Parafunctional habits

Several  claimed that parafunction is closely related to the presence of headache (33).

Jensen et al. reported that about 30 minutes of voluntary clenching activity leading to headache in 2/3 of the patients tested (34).

Several studies (35-37) reported that prolonged muscle stimulation can lower the threshold of perceived pain and this could favor the onset of headache, it is stated by other studies. In patients with headache the contact between the teeth is more frequent and intense, as well as muscle tension and stress, compared to subjects not affected, or to the moments when patients did not report the disease (38). The same study have shown that the reduction of dental contact is associated with a reduction of the self-reported pain (38).

On the other hand, the local muscle contracture is often referred to as the first symptom of migraine attacks and treatment of muscle pain during migraine induces a marked improvement of symptoms.

In the literature it is also reported that the contraction of the muscles of the jaw occurs 14 times more often during sleep in patients with tension-type headache, compared to the control group, with no headaches (39, 40).

Fernandez et al (41) found a significant correlation between sleep bruxism (SB) and chronic migraine, also a further study revealed that 83.3% of patients with SB had a diagnosis of headache. Patients with TMD and SB are also very inclined to have headaches (42).

The pathogenetic mechanism that connects the start of the parafunction of headache is not entirely known. According to some authors (43), during the night the mechanism parafunctional, creating a burden of disease at the level of the structures of the TMJ, generates the release of pro-inflammatory factors (prostaglandine E2, interleukin-1 and 6, tumor necrosis factor, nitric oxide, etc.) that would act as a trigger for headaches. These substances do not act directly, but rather the headache appears to be an indirect effect of their presence.
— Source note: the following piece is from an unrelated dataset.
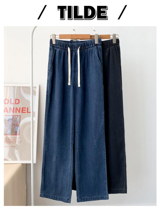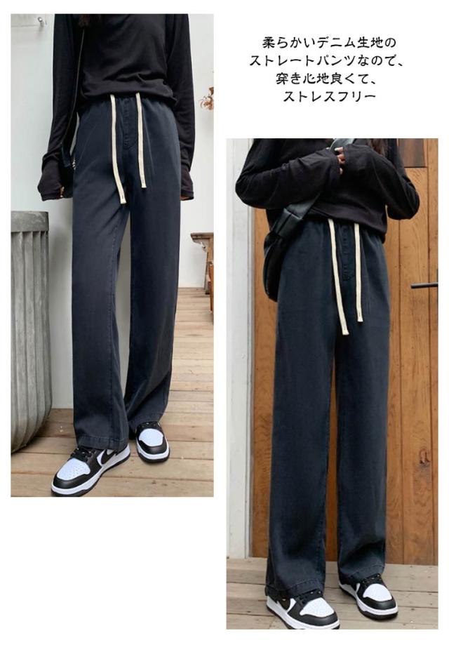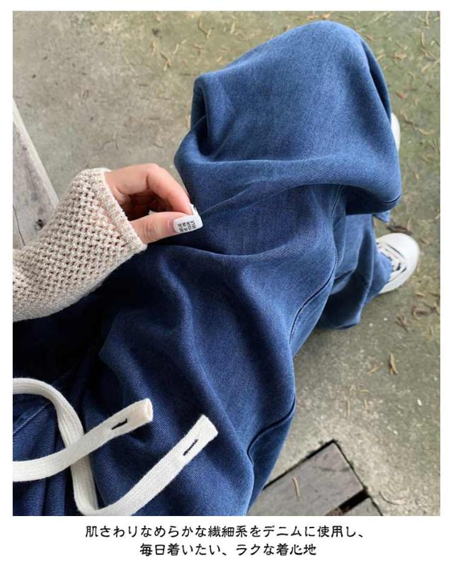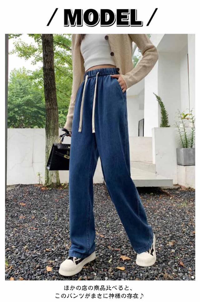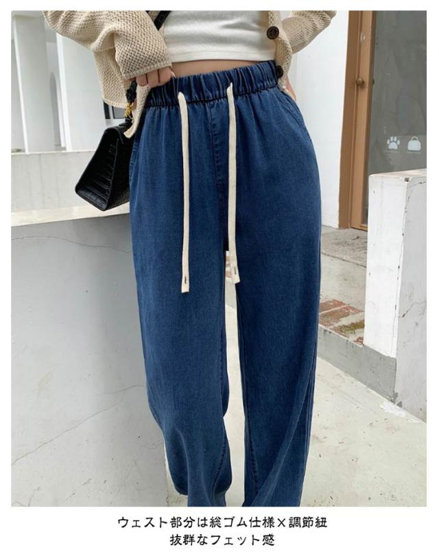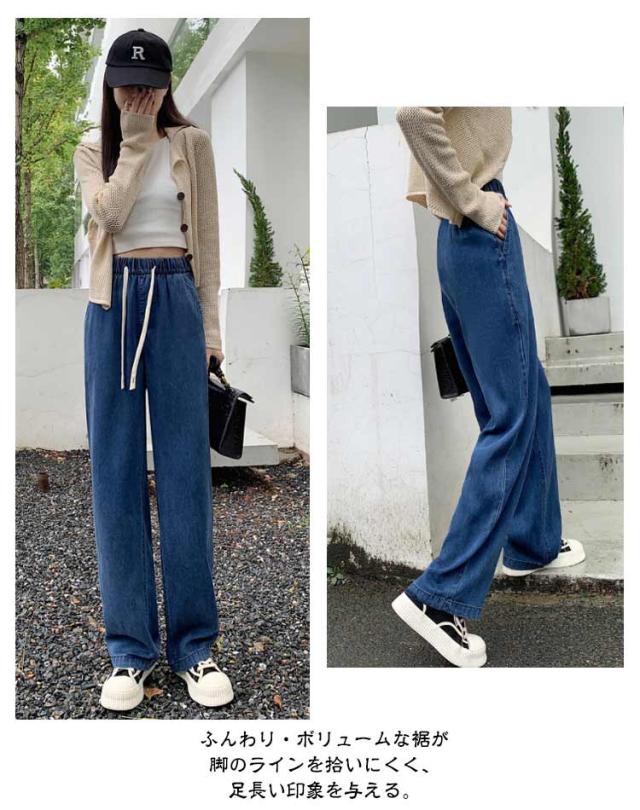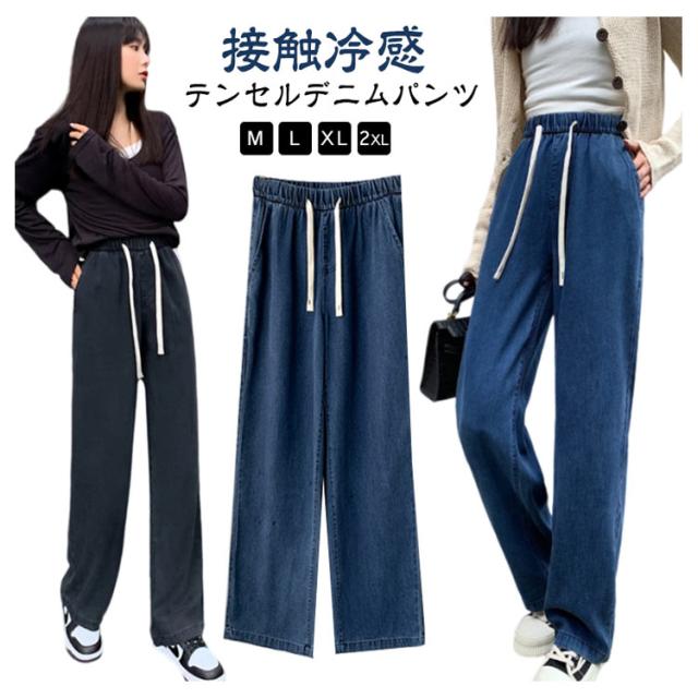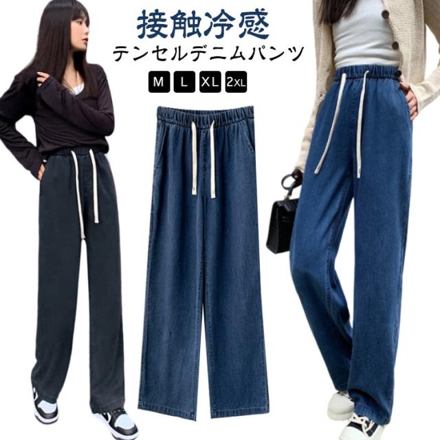 デニムイージーパンツ テンセル 冷感 接触冷感 ひんやり ワイド デニム ジーンズ 夏デニム デニムパンツ 夏 ロングパンツ 接触冷感 テンセルデニム ゴム 薄手 涼しい ストレート ワイドパンツ ジーンズ 夏用 ジーパン

Based on the evidence, the exogenous administration of these triggers can push a highly regulated system out of balance, triggering a cascade of neurochemical changes that eventually leads to a migraine attack.

Depression and mood disorders

Many studies suggest that psychosocial factors such as depression, stress, anxiety, alexithymia (difficulty describing or recognize emotions, a constriction general affective and fantasy life), and catastrophizing (waiting or worrying about major negative consequences a situation, even one of lesser importance) play a role in the preparation, initiation and perpetuation of TMD and in the response of patients to treatment TMD (44, 45).
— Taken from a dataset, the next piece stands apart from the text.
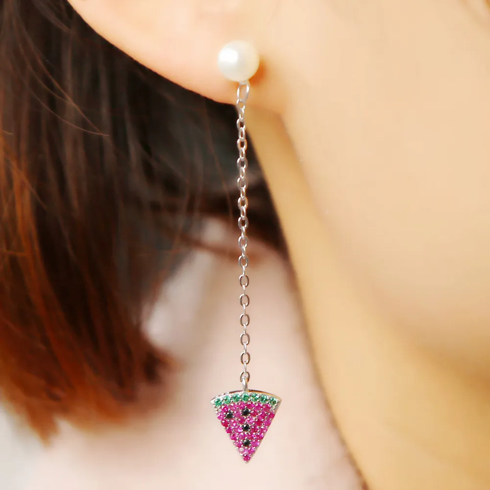 Купить 925 стерлингового серебра 2021 новые летние жемчуг серьги в виде арбуза Шарм

Psychiatric diagnosis is associated with the conversion of episodic migraine to chronic migraine (46).

Patients with headaches are more likely to develop depression and patients with depression have a higher chance of developing migraines (47).

In the study of Glaros et al (38) patients with headache dysfunctional reported high levels of depression and somatization in population control, no headaches.

The pain can be non-specific symptoms of psychosocial dysfunction, depression and somatization (48).

Comorbidity of psychiatric disorders in headache and TMD is in fact a well-known clinical phenomenon (49-51), so the presence of psychiatric disorders could be considered a risk factor for the development of both the DTM that headache.

Among the possible associative etiopathogenesis between TMD and Headache, the literature stated that (52):

  • TMD can function as an independent source of pain
  • TMD can worsen existing primary headaches
  • TMD can be a risk factor for chronic headache through a mechanism of central sensitization
  • Headache can lead to activation of the trigeminal system by increasing the propensity to TMJ pain in susceptible individuals.


Headaches and TMD diseases are very common and with overlapping signs and symptoms, they share many risk factors: genetics and morphological alterations, female gender, adulthood, mood and functional habits.

These risk factors, if present, may contribute to a deterioration in the quality of life of the patients.

In clinical settings becomes very important to intercept these risk factors in dysfunctional patients and/or with headache, to set treatment protocols aimed at improvement of the clinical conditions both in acute than in chronic.